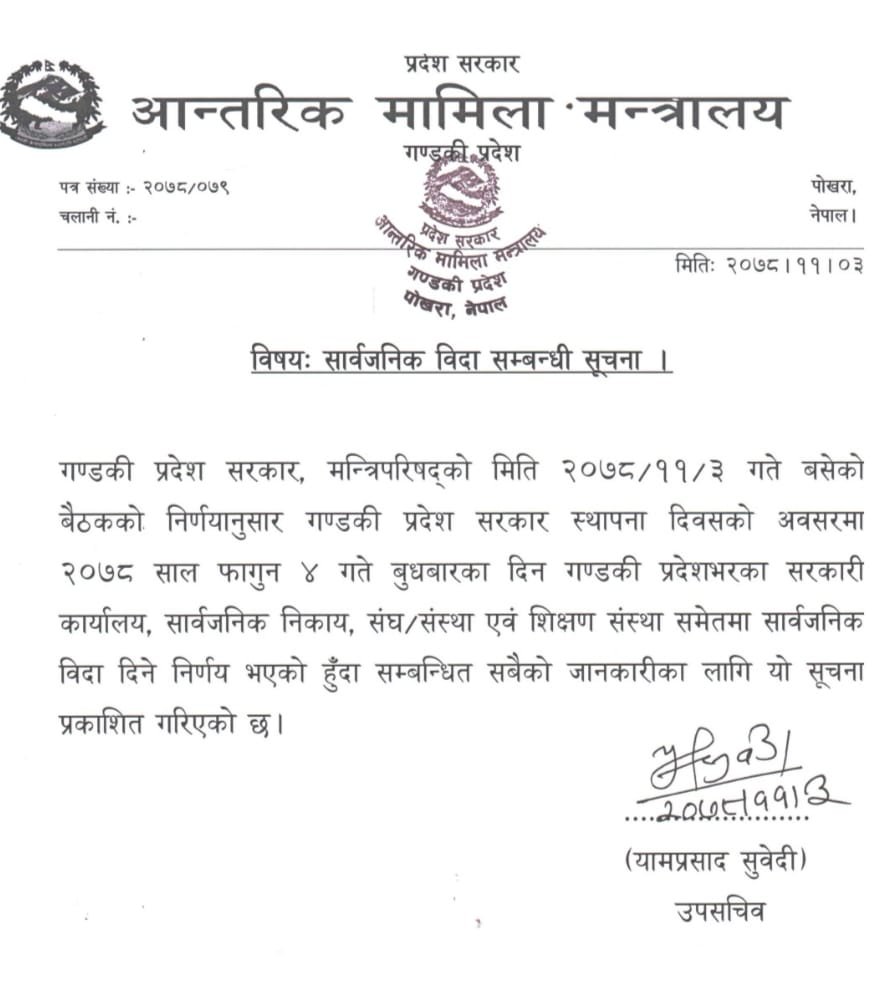 पोखरा, फागुन ३ गते । बुधबार गण्डकी प्रदेशमा सार्वजनीक विदा घोषणा गरिएको छ । प्रदेश स्थापना दिवसका अवसरमा भोली बुधबार गण्डकी प्रदेश सरकारले सार्वजनिक विदा दिने निर्णय गरेको हो । मन्त्रिपरिषदको मंगलबार बसेको बैठकले उक्त निर्णय गरेको हो । २०७४ साल फागुन ४ गते गण्डकी प्रदेश सरकार गठन भएको हो । पृथ्वीसुब्बा गुरुङ नेतृत्वमा गण्डकीमा सरकार गठन भएको थियो । प्रदेश सरकार गठन भएको दिनलाई नै सरकारले प्रदेश दिवस मनाउँदै आएको छ ।
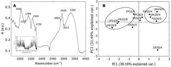 Characteristic bands (range 400–4000 cm−1) of FT-IR spectra measured in the Cannabis samples. (A) shows characteristic peaks marked with numbers. The FTIR spectrum was recorded using 12 scans at a resolution of 2 cm−1 in the wavenumbers range from 400 to 4000 cm−1. The insert represents the FTIR spectral analysis in Cannabis cultivars for each treatment. PCA (B) represents the explanatory FT-IR variables between and within Cannabis cultivars Finola (F) and USO31 (U) exposed to 16/8, 20/4, and 24/0 photoperiods and grown under white (W) and purple (P) light. Points represent values for each treatment. The analysis provides the score results provided in the insert.
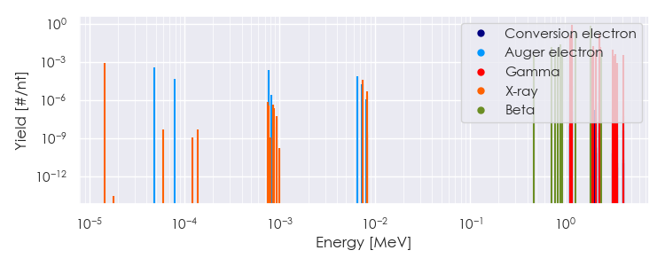 Spectra source: ICRP Publication 107: Nuclear Decay Data for Dosimetric Calculations. Ann. ICRP 2008, 38 (3).
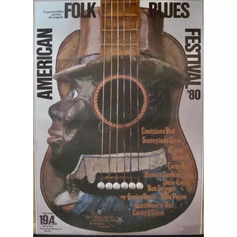 American Folk And Blues 1980 festival concert poster by Gunther Kieser
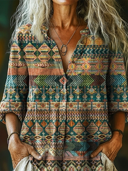 Women's Retro Ethnic Totem Art Print Casual Cotton Linen Shirt
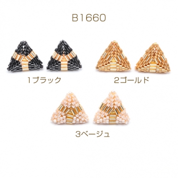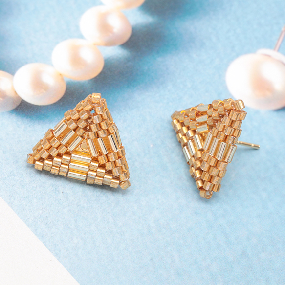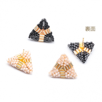 デザインピアス 三角形 トライアングル ガラスビーズ 編みチャーム スタッドピアス メタルチャーム 約17×18mm(1ペア)
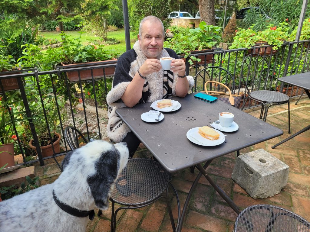 Schon seit über 20 Jahren frühstücken wir traditionell in der Bar des Klosters, die im trutzigen Eingangsturm zur Abbazia liegt:
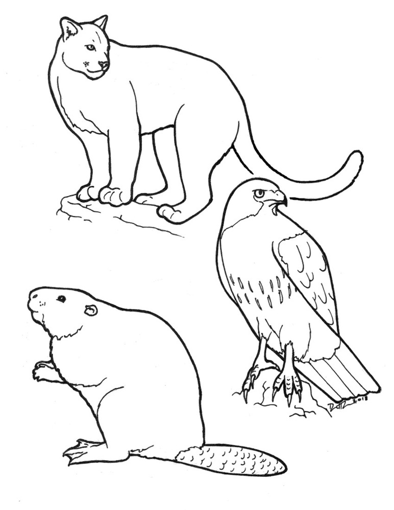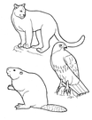 Black line drawing of three animals. On bottom left of page is a drawing of a beaver, which is facing towards the left and raised on two feet. Above the beaver is a hawk, which is facing towards the right. At the top of the page is a mountain lion, who is also facing towards the right.
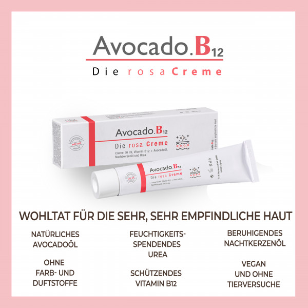 Avocado.B12 – Die rosa Creme ist eine besonders sanfte Hautpfl ege, die mit Avocadoöl, Nachtkerzenöl und Vitamin B12 in einer einzigartigen Galenik die Hautregeneration fördert, Feuchtigkeitsverlust vermindert
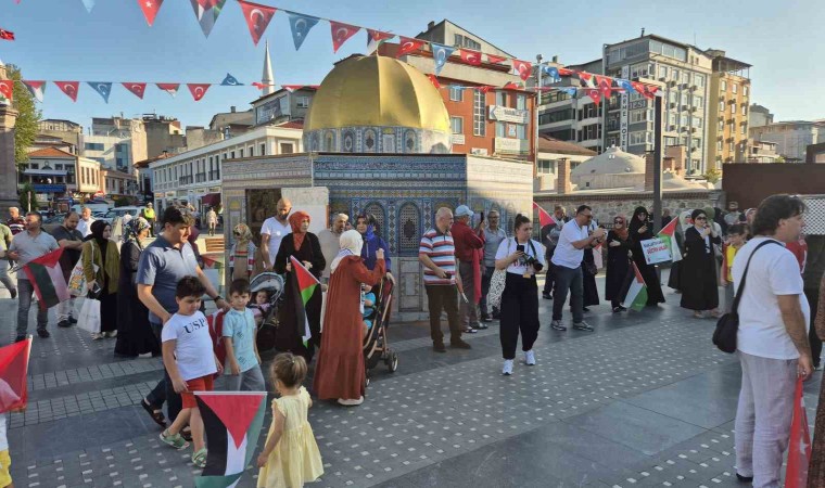 "Şehitlere rahmet, zalimlere lanet" sloganıyla düzenlenen eylem, Saathane Meydanı’nda Kubbet-üs-Sahra maketinin etrafında toplanılmasıyla başladı. Vatandaşlar İsrail’in Filistin’deki katliamlarına dikkat çeken temsili tabut ve kanlı çocuk kundaklarıyla yürüyüşe geçti. "Katil İsrail Filistin’den defol" diye haykıran vatandaşlar Fatih Sultan Mehmet ve Mecidiye Caddeleri istikametinden Cumhuriyet Meydanı’na kadar yürüdü ve burada bir basın açıklaması yapıldı.
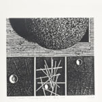 Joseph Kádár (1936-2019): Űrkép (‘Espacegraphique’), 1987. Szitanyomat, papír, jelzett, számozott (45/100). Hátoldalán a művész pecsétjével, 35,5×40 cm
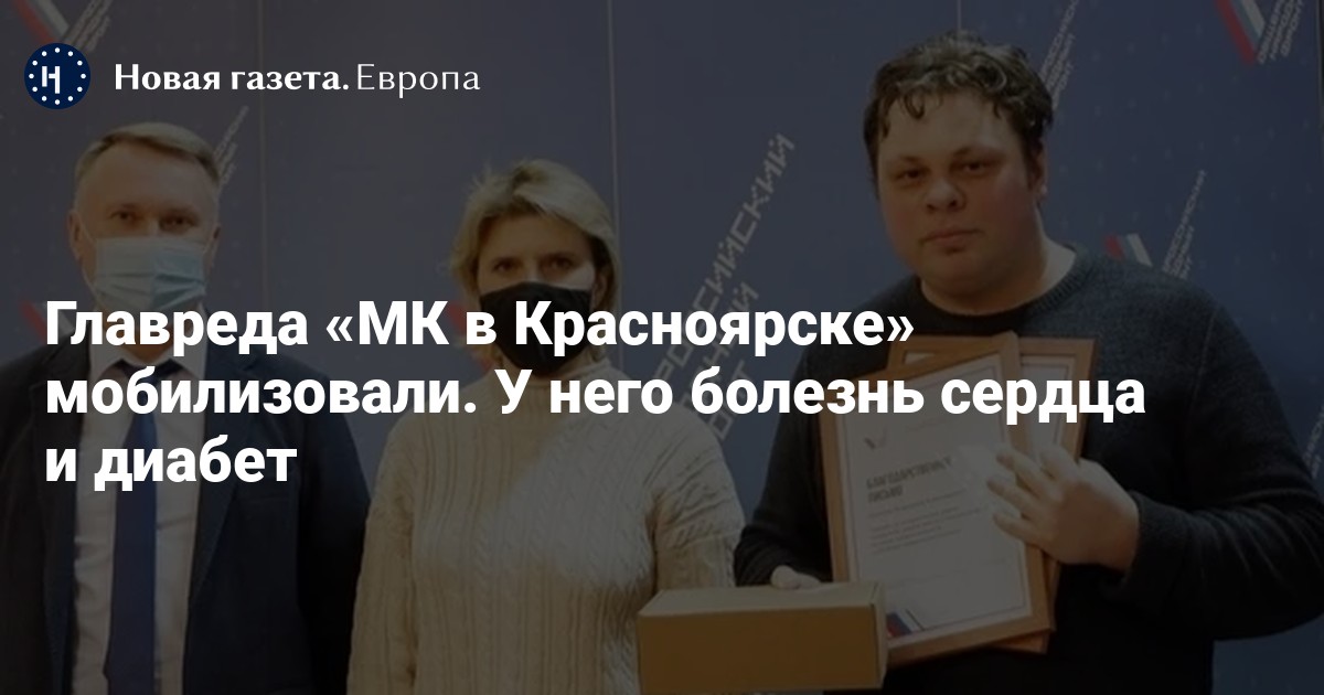 Главного редактора «МК в Красноярске» Владислава Пирогова мобилизовали, несмотря на то, что журналист не служил в армии, а также имеет заболевания — болезнь сердца и диабет. Об этом сообщила редакция издания.
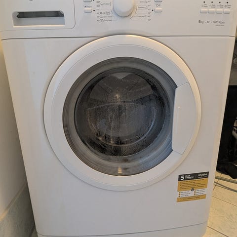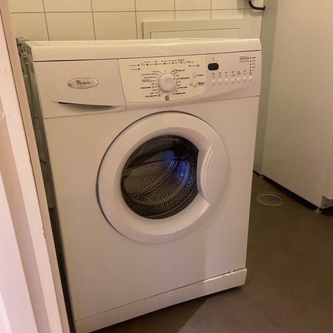 Whirlpool Frontmatet vaskemaskin. Hvitt design med frontmatet dør. Kontrollpanel med flere innstillingsvalg for ulike vaskeprogrammer gis bort. Vi har kjøpt ny med større kapasitet. Maskinen fungerer godt, men kan være litt ustabil, så må nok justeres under.
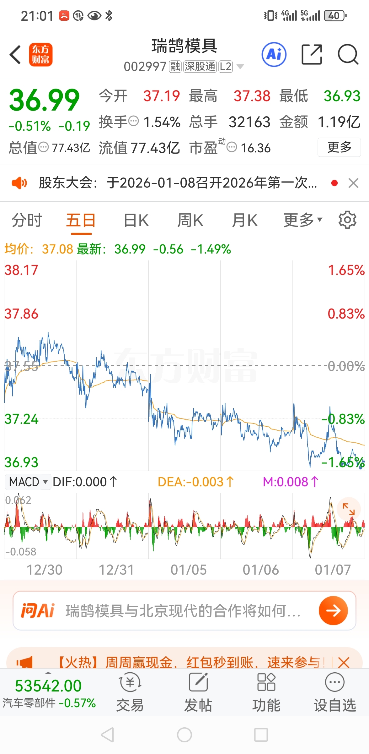 $瑞鹄模具(SZ002997)$ 大盘天天涨这票天天绿,我说错了吗?还删我帖子?
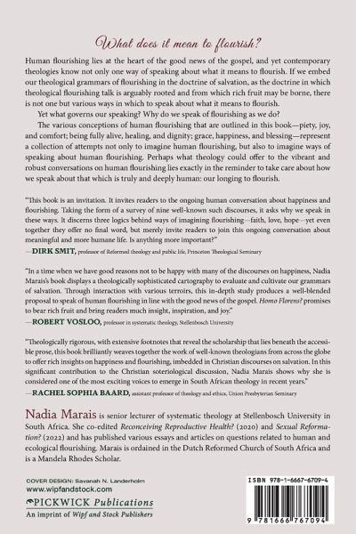 What does it mean to flourish? Human flourishing lies at the heart of the good news of the gospel, and yet contemporary theologies know not only one way of speaking about what it means to flourish. If we embed our theological grammars of flourishing in the doctrine of salvation, as the doctrine in which theological flourishing talk is arguably rooted and from which rich fruit may be borne, there is not one but various ways in which to speak about what it means to flourish. Yet what governs our speaking? Why do we speak of flourishing as we do? The various conceptions of human flourishing that are outlined in this book - piety, joy, and comfort; being fully alive, healing, and dignity; grace, happiness, and blessing - represent a collection of attempts not only to imagine human flourishing, but also to imagine ways of speaking about human flourishing. Perhaps what theology could offer to the vibrant and robust conversations on human flourishing lies exactly in the reminder to take care about how we speak about that which is truly and deeply human: our longing to flourish.
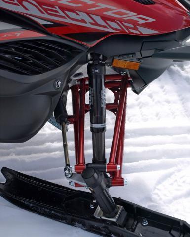 Производитель предполагает, что владельцы Vector X-TX 1,75 LE будут проводить больше времени на бездорожье, поэтому снегоход оборудован амортизаторами премиум-класса. На двойных А-образных рычагах передней подвески установлены амортизаторы Fox Float 3, они обеспечивают 216 мм вертикального хода. На задней подвеске SingleShot 146 используются увеличенные амортизаторы Fox Float 3 XV, задняя подвеска «ходит» на 350 мм.
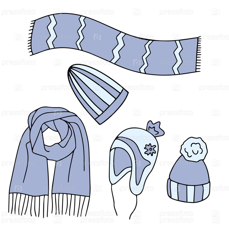 Векторная коллекция теплой осенне-зимней одежды. Сезонные элементы дизайна. Вязаные аксессуары. Векторная иллюстрация
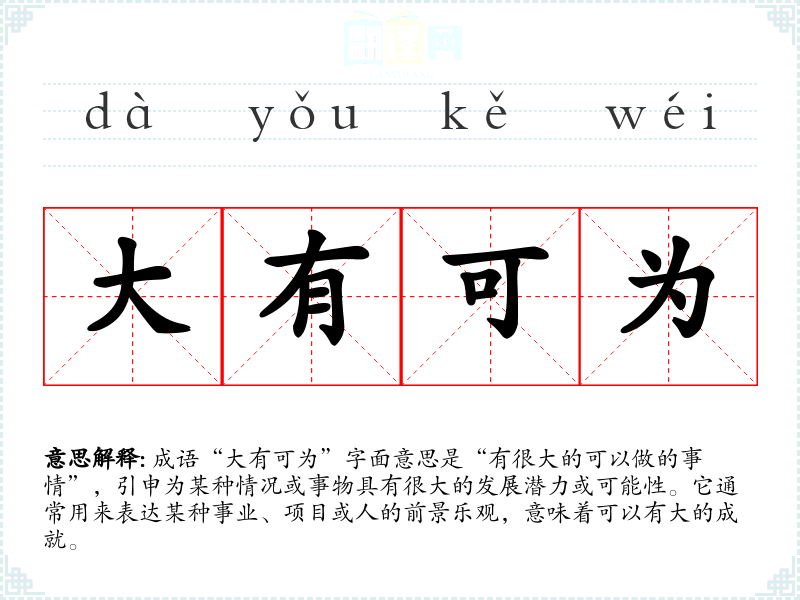 成语“大有可为”字面意思是“有很大的可以做的事情”,引申为某种情况或事物具有很大的发展潜力或可能性。它通常用来表达某种事业、项目或人的前景乐观,意味着可以有大的成就。
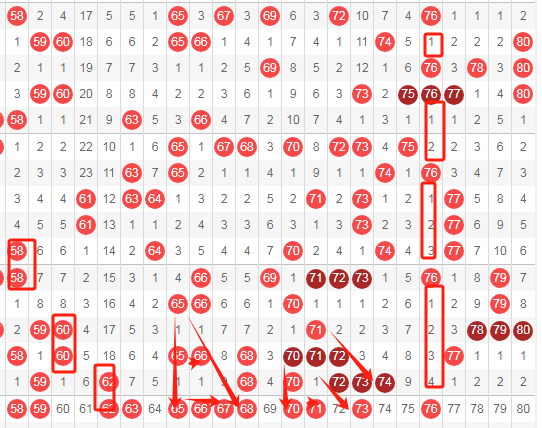今日七区建议参考62重号,防62 63对子号开出,六区后区建议参考65 66 67斜连金字塔,防68重,今日八区建议参考70重号,建议参考71的梅花号形态,防70 71对子号开出,建议参考73的对等斜连,八区后区建议参考76的不规则遗漏1-2-3-4递增。今日七区八区推荐号码62 63 65 66 67 68 70 71 73 76
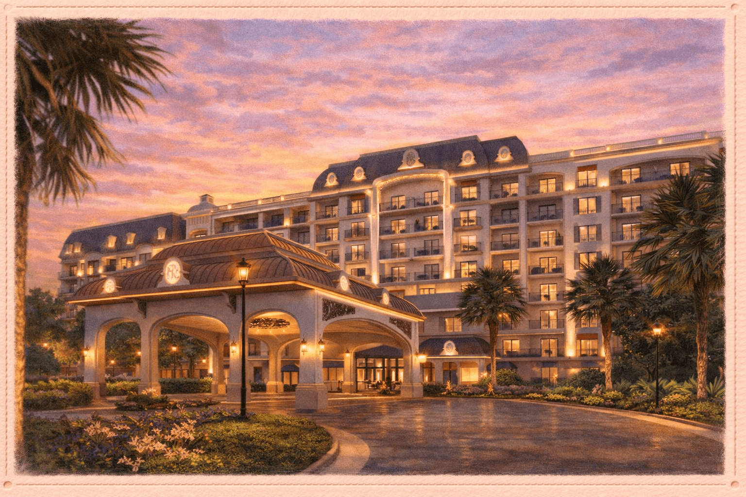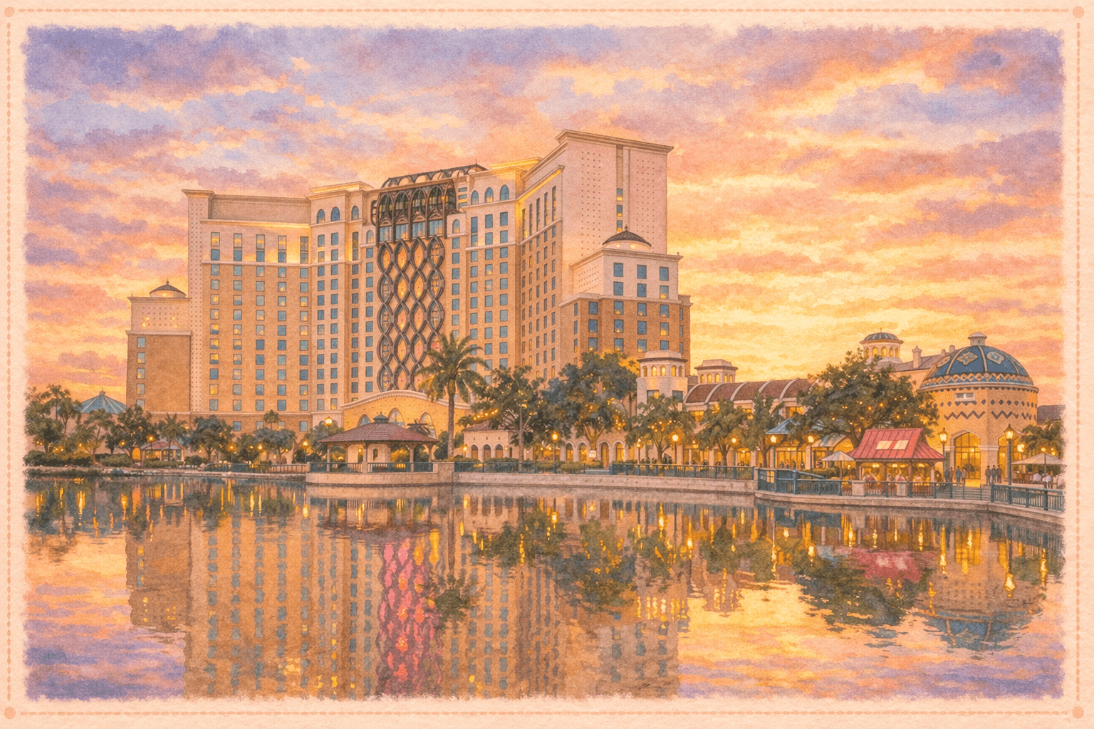 Use the interactive tool below to compare every on-property hotel side by side. Filter by budget, sort by price or room size, and find the best fit for your family.

....

● **Exercise objective**: Exact output of each line above is wanted, without the pictures.

● **Solution**:
 पोखरा, फागुन ३ गते । बुधबार गण्डकी प्रदेशमा सार्वजनीक विदा घोषणा गरिएको छ । प्रदेश स्थापना दिवसका अवसरमा भोली बुधबार गण्डकी प्रदेश सरकारले सार्वजनिक विदा दिने निर्णय गरेको हो । मन्त्रिपरिषदको मंगलबार बसेको बैठकले उक्त निर्णय गरेको हो । २०७४ साल फागुन ४ गते गण्डकी प्रदेश सरकार गठन भएको हो । पृथ्वीसुब्बा गुरुङ नेतृत्वमा गण्डकीमा सरकार गठन भएको थियो । प्रदेश सरकार गठन भएको दिनलाई नै सरकारले प्रदेश दिवस मनाउँदै आएको छ ।
 Characteristic bands (range 400–4000 cm−1) of FT-IR spectra measured in the Cannabis samples. (A) shows characteristic peaks marked with numbers. The FTIR spectrum was recorded using 12 scans at a resolution of 2 cm−1 in the wavenumbers range from 400 to 4000 cm−1. The insert represents the FTIR spectral analysis in Cannabis cultivars for each treatment. PCA (B) represents the explanatory FT-IR variables between and within Cannabis cultivars Finola (F) and USO31 (U) exposed to 16/8, 20/4, and 24/0 photoperiods and grown under white (W) and purple (P) light. Points represent values for each treatment. The analysis provides the score results provided in the insert.
 Spectra source: ICRP Publication 107: Nuclear Decay Data for Dosimetric Calculations. Ann. ICRP 2008, 38 (3).
 American Folk And Blues 1980 festival concert poster by Gunther Kieser
 Women's Retro Ethnic Totem Art Print Casual Cotton Linen Shirt
 デザインピアス 三角形 トライアングル ガラスビーズ 編みチャーム スタッドピアス メタルチャーム 約17×18mm(1ペア)
 Schon seit über 20 Jahren frühstücken wir traditionell in der Bar des Klosters, die im trutzigen Eingangsturm zur Abbazia liegt:
 Black line drawing of three animals. On bottom left of page is a drawing of a beaver, which is facing towards the left and raised on two feet. Above the beaver is a hawk, which is facing towards the right. At the top of the page is a mountain lion, who is also facing towards the right.
 Avocado.B12 – Die rosa Creme ist eine besonders sanfte Hautpfl ege, die mit Avocadoöl, Nachtkerzenöl und Vitamin B12 in einer einzigartigen Galenik die Hautregeneration fördert, Feuchtigkeitsverlust vermindert
 "Şehitlere rahmet, zalimlere lanet" sloganıyla düzenlenen eylem, Saathane Meydanı’nda Kubbet-üs-Sahra maketinin etrafında toplanılmasıyla başladı. Vatandaşlar İsrail’in Filistin’deki katliamlarına dikkat çeken temsili tabut ve kanlı çocuk kundaklarıyla yürüyüşe geçti. "Katil İsrail Filistin’den defol" diye haykıran vatandaşlar Fatih Sultan Mehmet ve Mecidiye Caddeleri istikametinden Cumhuriyet Meydanı’na kadar yürüdü ve burada bir basın açıklaması yapıldı.
 Joseph Kádár (1936-2019): Űrkép (‘Espacegraphique’), 1987. Szitanyomat, papír, jelzett, számozott (45/100). Hátoldalán a művész pecsétjével, 35,5×40 cm
 Главного редактора «МК в Красноярске» Владислава Пирогова мобилизовали, несмотря на то, что журналист не служил в армии, а также имеет заболевания — болезнь сердца и диабет. Об этом сообщила редакция издания.
 Whirlpool Frontmatet vaskemaskin. Hvitt design med frontmatet dør. Kontrollpanel med flere innstillingsvalg for ulike vaskeprogrammer gis bort. Vi har kjøpt ny med større kapasitet. Maskinen fungerer godt, men kan være litt ustabil, så må nok justeres under.
 $瑞鹄模具(SZ002997)$ 大盘天天涨这票天天绿,我说错了吗?还删我帖子?
 What does it mean to flourish? Human flourishing lies at the heart of the good news of the gospel, and yet contemporary theologies know not only one way of speaking about what it means to flourish. If we embed our theological grammars of flourishing in the doctrine of salvation, as the doctrine in which theological flourishing talk is arguably rooted and from which rich fruit may be borne, there is not one but various ways in which to speak about what it means to flourish. Yet what governs our speaking? Why do we speak of flourishing as we do? The various conceptions of human flourishing that are outlined in this book - piety, joy, and comfort; being fully alive, healing, and dignity; grace, happiness, and blessing - represent a collection of attempts not only to imagine human flourishing, but also to imagine ways of speaking about human flourishing. Perhaps what theology could offer to the vibrant and robust conversations on human flourishing lies exactly in the reminder to take care about how we speak about that which is truly and deeply human: our longing to flourish.
 Производитель предполагает, что владельцы Vector X-TX 1,75 LE будут проводить больше времени на бездорожье, поэтому снегоход оборудован амортизаторами премиум-класса. На двойных А-образных рычагах передней подвески установлены амортизаторы Fox Float 3, они обеспечивают 216 мм вертикального хода. На задней подвеске SingleShot 146 используются увеличенные амортизаторы Fox Float 3 XV, задняя подвеска «ходит» на 350 мм.
 Векторная коллекция теплой осенне-зимней одежды. Сезонные элементы дизайна. Вязаные аксессуары. Векторная иллюстрация
 成语“大有可为”字面意思是“有很大的可以做的事情”,引申为某种情况或事物具有很大的发展潜力或可能性。它通常用来表达某种事业、项目或人的前景乐观,意味着可以有大的成就。
今日七区建议参考62重号,防62 63对子号开出,六区后区建议参考65 66 67斜连金字塔,防68重,今日八区建议参考70重号,建议参考71的梅花号形态,防70 71对子号开出,建议参考73的对等斜连,八区后区建议参考76的不规则遗漏1-2-3-4递增。今日七区八区推荐号码62 63 65 66 67 68 70 71 73 76
 Use the interactive tool below to compare every on-property hotel side by side. Filter by budget, sort by price or room size, and find the best fit for your family.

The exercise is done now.